19. Apparatus of claim 17, wherein said non-USB interface is
operable to receive data coded in a non-ASCII format other than
Unicode.
20. Apparatus of claim 17, further comprising an ASCII translator
for generating USB keyboard break (key up) codes after receipt of a
character.
21. A method of converting protocol and code for use with a Human
Interface Device (HID)-compliant keyboard device, comprising the
steps of: receiving standard USB data from an USB host or hub and
providing responses required by an USB Specification for said
HID-compliant keyboard device; receiving data coded in American
Standard Character Interchange Interface (ASCII); and converting
said data coded in ASCII into code and format in accordance with
said USB Specification for said HID-compliant keyboard device.
22. The method of claim 21, further comprising the step of
connecting standard USB devices.
23. The method of claim 21, further comprising the step of
receiving data coded in Unicode.
24. The method of claim 21 further comprising the step of
generating USB keyboard break (key up) codes after receipt of a
character.
25. The method of claim 21, further comprising the step of
receiving data coded in a non-ASCII format other than Unicode.
Description
REPLATED APPLICATIONS
[0001] The present application is a continuation application of
application Ser. No. 11/399,791, filed Apr. 5, 2006, which claims
benefit of U.S. Provisional Application No. 60/699,418 filed Jul.
14, 2005, which are incorporated by reference in their
entireties.
BACKGROUND OF THE INVENTION
[0002] There are many applications where alphabetic data needs to
be entered into a computer or computing system or apparatus. Such
data, representing the written alphabet of a language, is usually
represented in a digitally encoded format. Very often the data is
coded in the American Standard Character Interchange Interface
(ASCII) coding standard, the ANSI X3.4-1986 standard.

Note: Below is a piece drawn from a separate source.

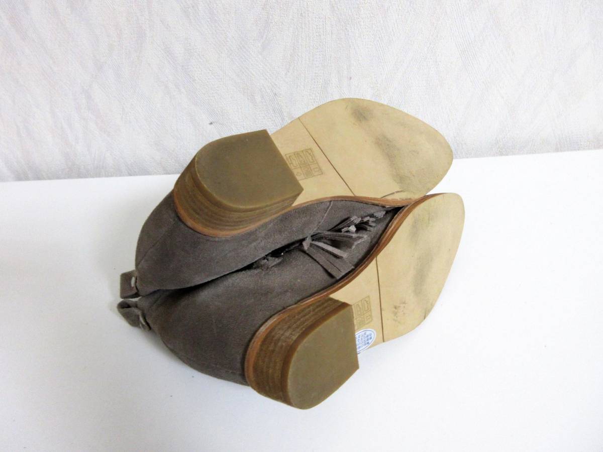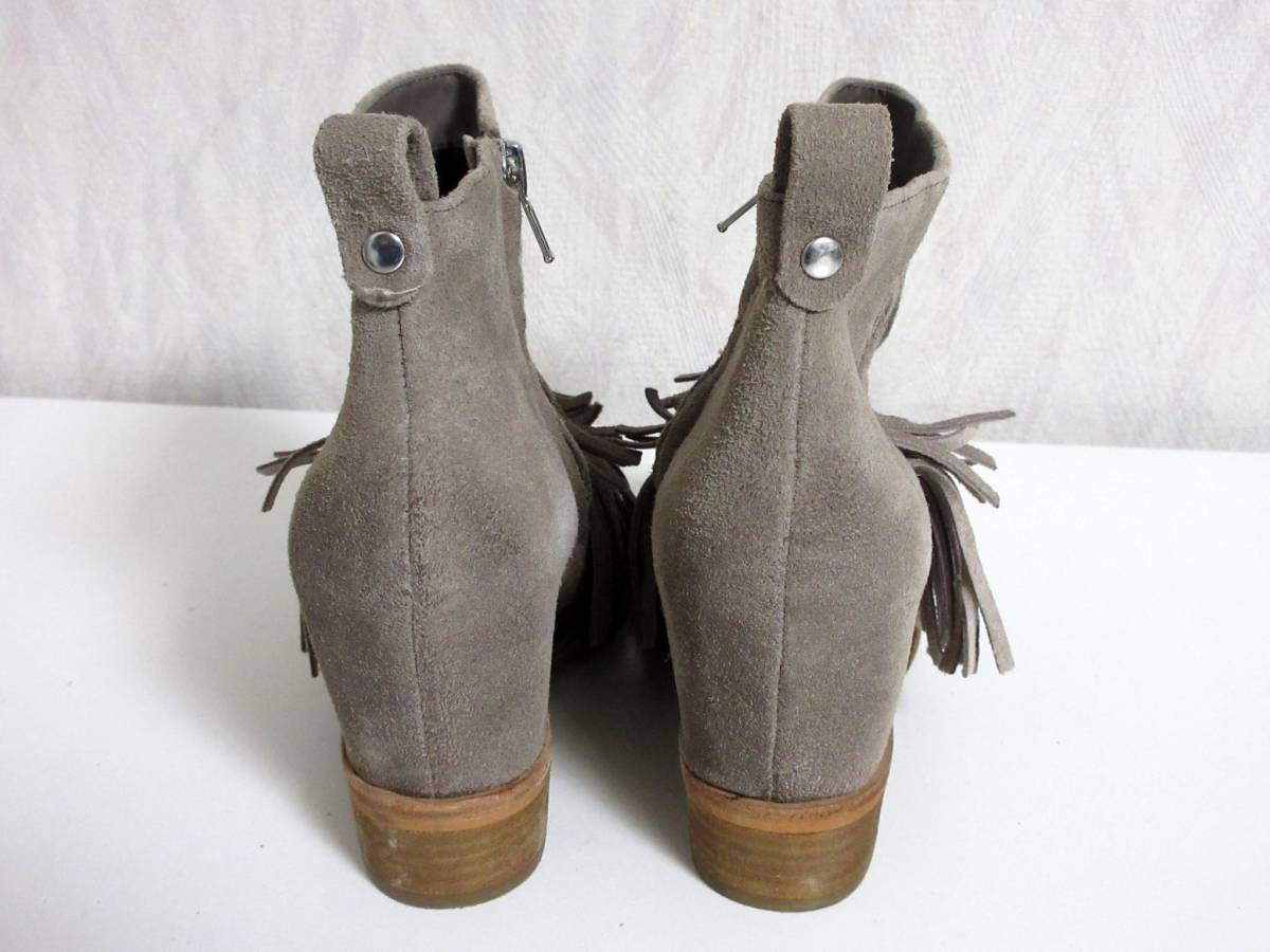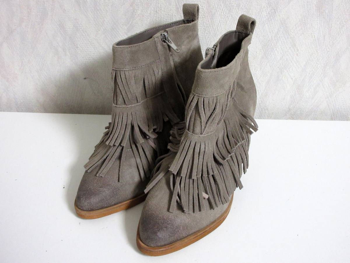 スティーブマデン STEVE MADDEN インヒール レザー フリンジ ショートブーツ ベージュ 5 1/2B 南1439

Internationally, this standard is known as ISO/IEC 646: 1991.
Another coding standard used to represent alphabetic characters is
the Unicode standard. In Unicode, each character is represented by
two bytes, instead of one byte used in ASCII. The Unicode
Consortium first published the Unicode standard in 1991 as "The
Unicode Standard" (ISBN 0321185781). The latest revision is 4.1.
Unicode shares its character repertoire with ISO/IEC 10646.

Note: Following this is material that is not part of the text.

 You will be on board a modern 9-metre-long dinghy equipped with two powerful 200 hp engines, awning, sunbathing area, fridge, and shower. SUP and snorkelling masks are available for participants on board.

[0003] A common and convenient method to enter alphabetic data into
a computer or computing apparatus is via the keyboard input. Many
application programs available on the market expect data entry via
the keyboard. However, the computer keyboard key codes used to
represent keyboard characters are quite different from ASCII or
Unicode codes. To modify such application programs to accept ASCII
or Unicode format data from other input ports available on standard
computers, such as the serial RS-232 ports, commonly known as COM
ports, or the parallel port intended for printer use, commonly
known as the LPT port, is complicated and expensive.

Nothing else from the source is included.